Chapter Seventy-Three

“What do you want to do?” Dane’s boss asked after dropping a bomb.

Both Thorne and Lena were looking at Dane, and he wasn’t sure how to answer.

He’d always turned to Thorne for instruction. Hell, the guy’s title was supervisor. Why wasn’t he supervising them?

“If you want to wait until I get back,” Thorne said, “I can tell the rest of the team to hold off. But if they get assigned other cases, it might be a while until we can all get back together.”

“We don’t have a while,” Dane complained. “Viktor isn’t going to believe Lena when we keep coming up with excuses for not locating this fictitious Masters person. He’s going to get suspicious, and that will put the whole mission in danger.”

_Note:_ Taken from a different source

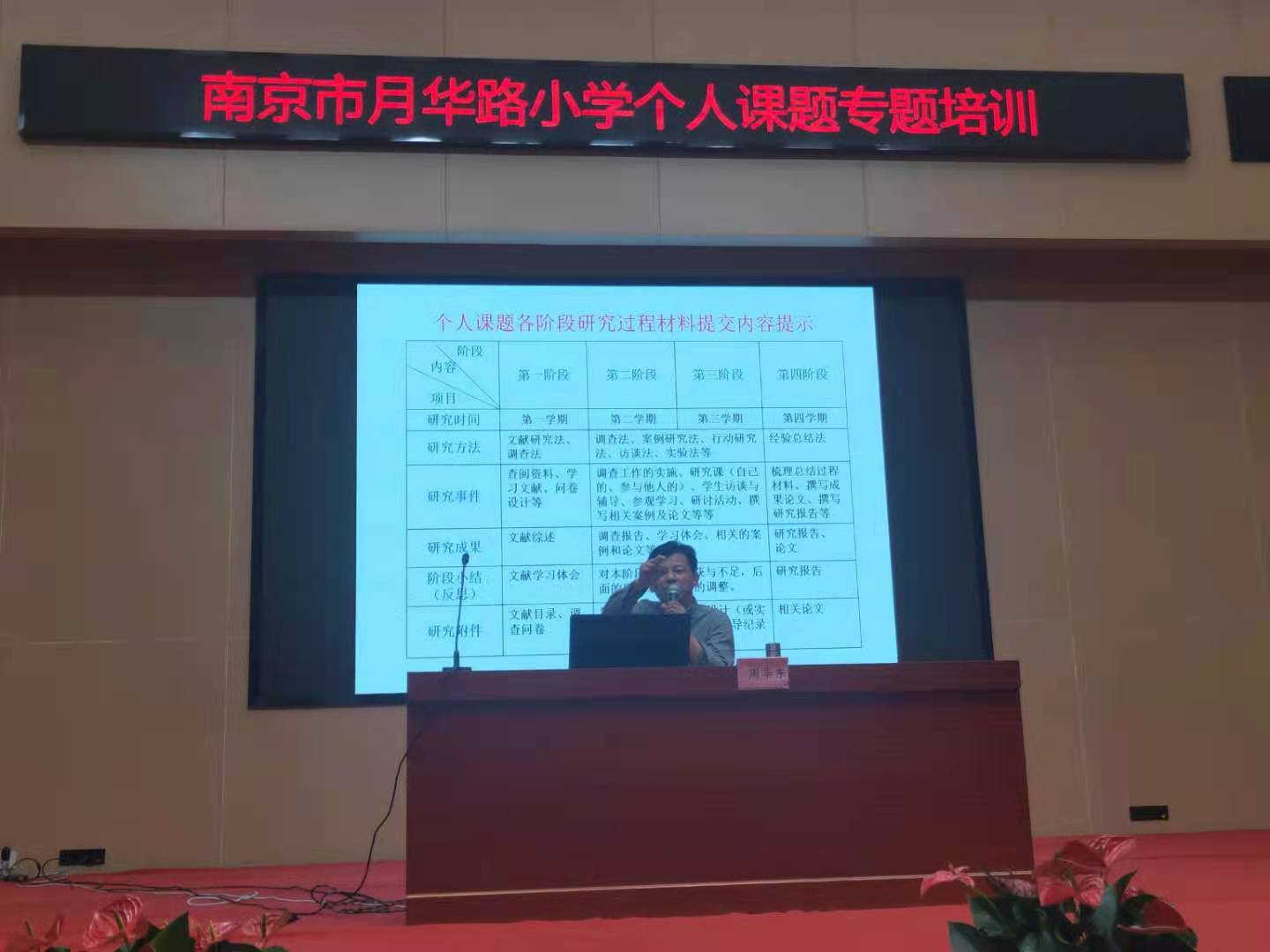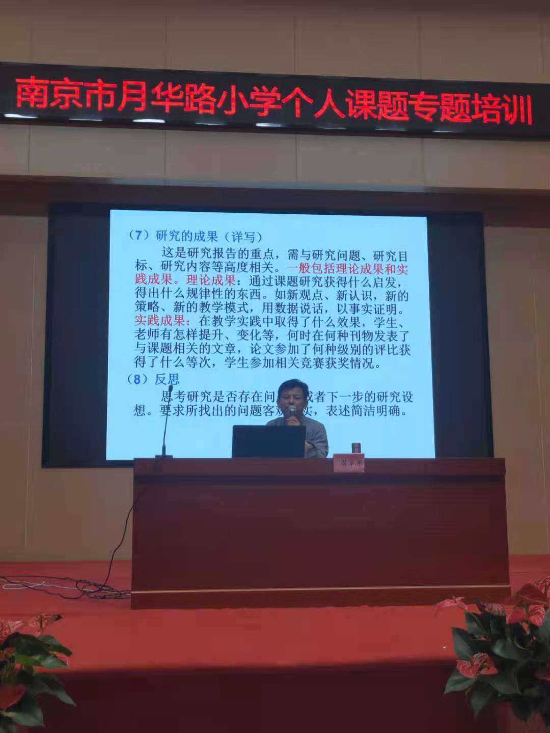 周华东主任就结题报告的撰写开展专题讲座, 深度剖析了个人课题的特点,强调了个人课题作为 “必备项、重要项”的巨大作用,同时明确了其渠道单一、周期漫长、结题难度大的特点,充分提升了教师们对个人课题结题工作的重视程度。他还从个人课题研究报告的结构出发,点明“课题界定、课题目标、课题内容”需要教师在修改和完善中力求做到科学与准确,并就如何写好“研究过程”提出“时段性、任务性、方法性、步骤性、策略性、结论性”六个方向,明确课题研究“五个一致”的基本要求。

“Then you want to proceed with just the two of you?” Thorne asked.

It sucked that Thorne was being summoned back to Washington, D.C. at the worst possible time. But for him to refuse would mean he’d have to explain. And if he told the truth, their mission would be over before it began.

He had to report to his boss to keep everyone from noticing all of them were hunting down an off-limits Viktor Kulakov.

“Can you give us a moment?” Dane asked Thorne as he put his hand on Lena’s elbow and led her out onto their balcony.

“What are we going to do?” she asked as soon as they were alone.

He eased out a long breath. “We have two choices. We can either hold off until Thorne comes back, and risk having someone else called away, or we can try to extract her with just the two of us.”

It wasn’t fair to put the burden on Lena, but this was her child. And if he made the decision and it went badly—which there was every possibility of happening—he didn’t want to be the one to have made the call.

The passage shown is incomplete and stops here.